As of 1996, the major applications of structural ceramics are still for cutting tools and mechanical seals. However, a decade ago ceramic automobile turbochargers were already being produced by Nissan in Japan and ceramic glow plugs and pre-combustion chambers for diesel engines are being made by Isuzu (Robinson 1986). Ford and Garret Corporation were about to test a 100 hp gas turbine engine with a metal housing and ceramic parts in contact with the hot gases (Robinson 1986). However, little further progress has been reported since then, at least in terms of practical applications.

Fig. 4.6 Typical strength variability curve for a ceramic (Source: NMABNRC 1975)
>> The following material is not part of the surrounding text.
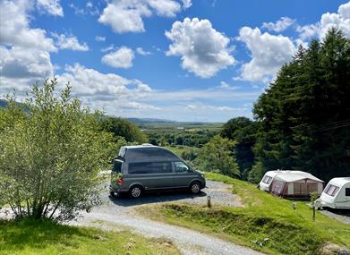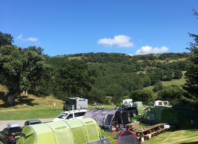 The campsite is popular with walkers, cyclists, individuals, couples and families; the site offers elevated views over the Dovey Valley, woodlands, and a riverside walk.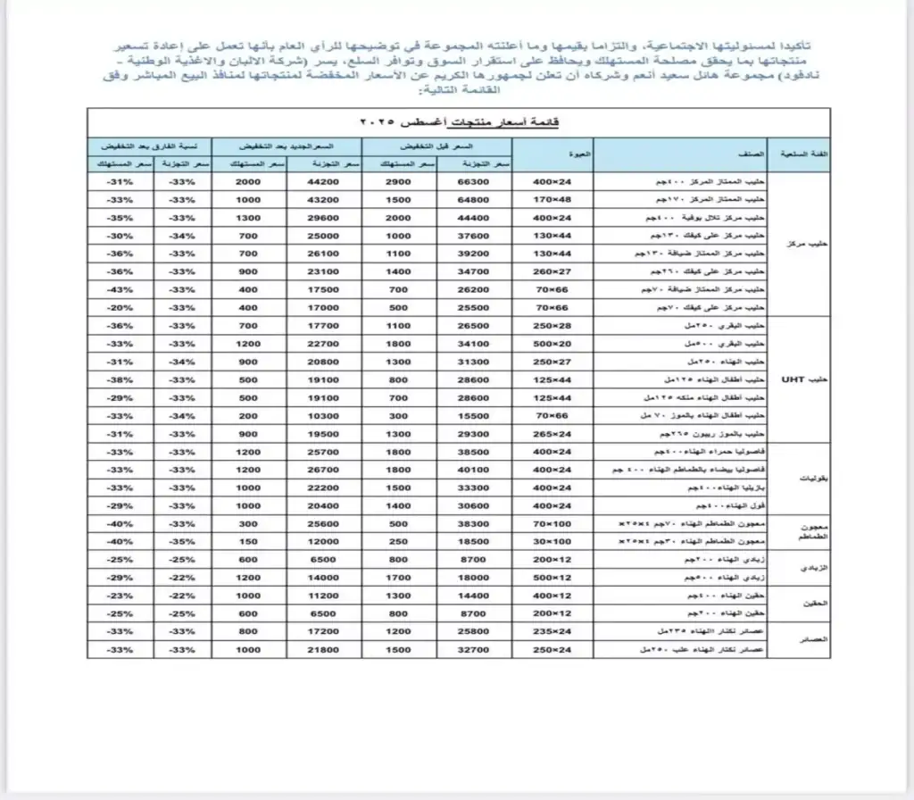 وبحسب بيان رسمي صادر عن المجموعة، فقد وصلت نسبة التخفيضات الجديدة إلى 35% على أغلب السلع الأساسية المنتجة محليًا، باستثناء منتجي الزبادي والحقين، حيث اقتصرت التخفيضات عليهما على 25% فقط، رغم كونهما من بين المنتجات الأكثر رواجًا وانتشارًا في السوق اليمني. ولم تُفصح المجموعة عن أسباب هذا الاستثناء، ما أثار تساؤلات بين المستهلكين والمراقبين الاقتصاديين.

The problems of utilizing advanced ceramics such as silicon nitride for engines or other purposes where they compete with metals are not so much their well-known brittleness (i.e. lack of ductility) as their low fracture toughness and tendency to fail unpredictably. This, in turn, is because the distribution of microscopic defects - which concentrate and propagate stress cannot be predicted a priori, owing to scatter in the experimental data, as shown in figure 4.6. A theoretical possibility is to "proof test," namely to test all ceramic parts up to a certain level of performance and throw away those that fail. This greatly decreases the odds of random failure among the survivors, as shown in figure 4.7. However, under present conditions, yields are likely to be less than 20 per cent, which is far too low. Until yields of 70 per cent or better can be achieved in practice, the economics of advanced ceramics will remain unfavourable.
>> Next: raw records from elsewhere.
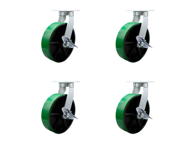 EXTRA HEAVY DUTY 10” X 3” GREEN POLY ON CAST IRON SWIVEL CASTER SET FOR CRANES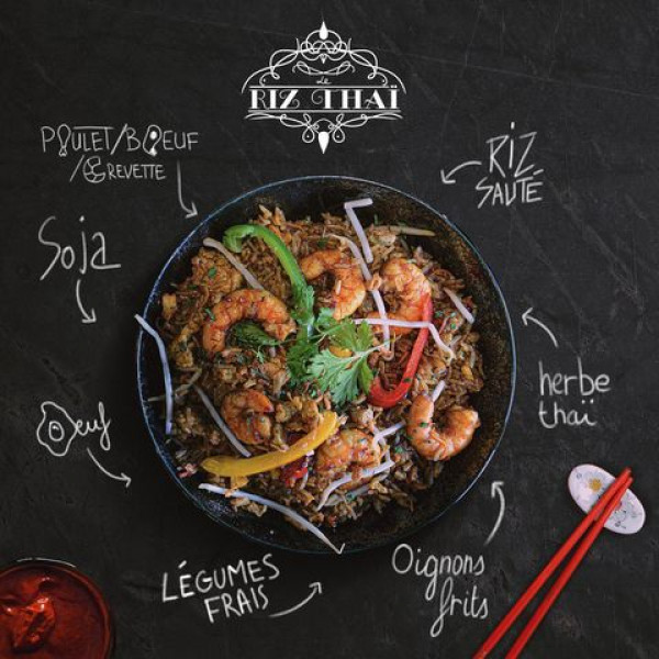 Riz sauté, herbes thaï, légumes et oeuf et viande au choix.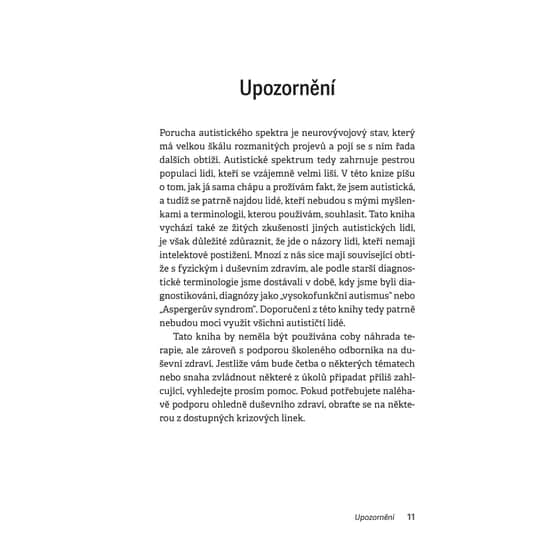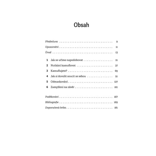 Autorka odkrývá typické situace, kdy se ženy s autismem skrývají za kamufláž. Posezení v baru, schůzka s šéfem, návštěva lékaře…. To vše jsou výzvy, kterým ženy s autismem čelí pomocí svých masek. U odhalení typických situací ale kniha nekončí, vede ženy k tomu, aby pomocí četných příkladů a sebepoznávacích škál odhalily své silné stránky a naučily se obhájit se takové, jaké jsou. I se svým autismem.

Part of the problem of unpredictability may have its origin in the traditional techniques of compaction and hot pressing (sintering). The quality of the product is dependent on the size of distribution and uniformity of the starting material. New processing techniques such as "sol-gel" processing may offer hope. A "sol" is a colloidal suspension of particles in sizes from 1 to 100 nanometers. As the "sol" loses liquid, it gradually becomes a "gel." Although the concept is old, this technique has been widely practiced for only about three years, and its popularity is growing rapidly (Robinson 1986). New approaches in the field of ceramic matrix composites are enhancing the fracture resistance of ceramics.

Fig. 4.7 Effect of a uniform tensile proof test on failure probability of a bar in bending (Source: NMABNRC 1975)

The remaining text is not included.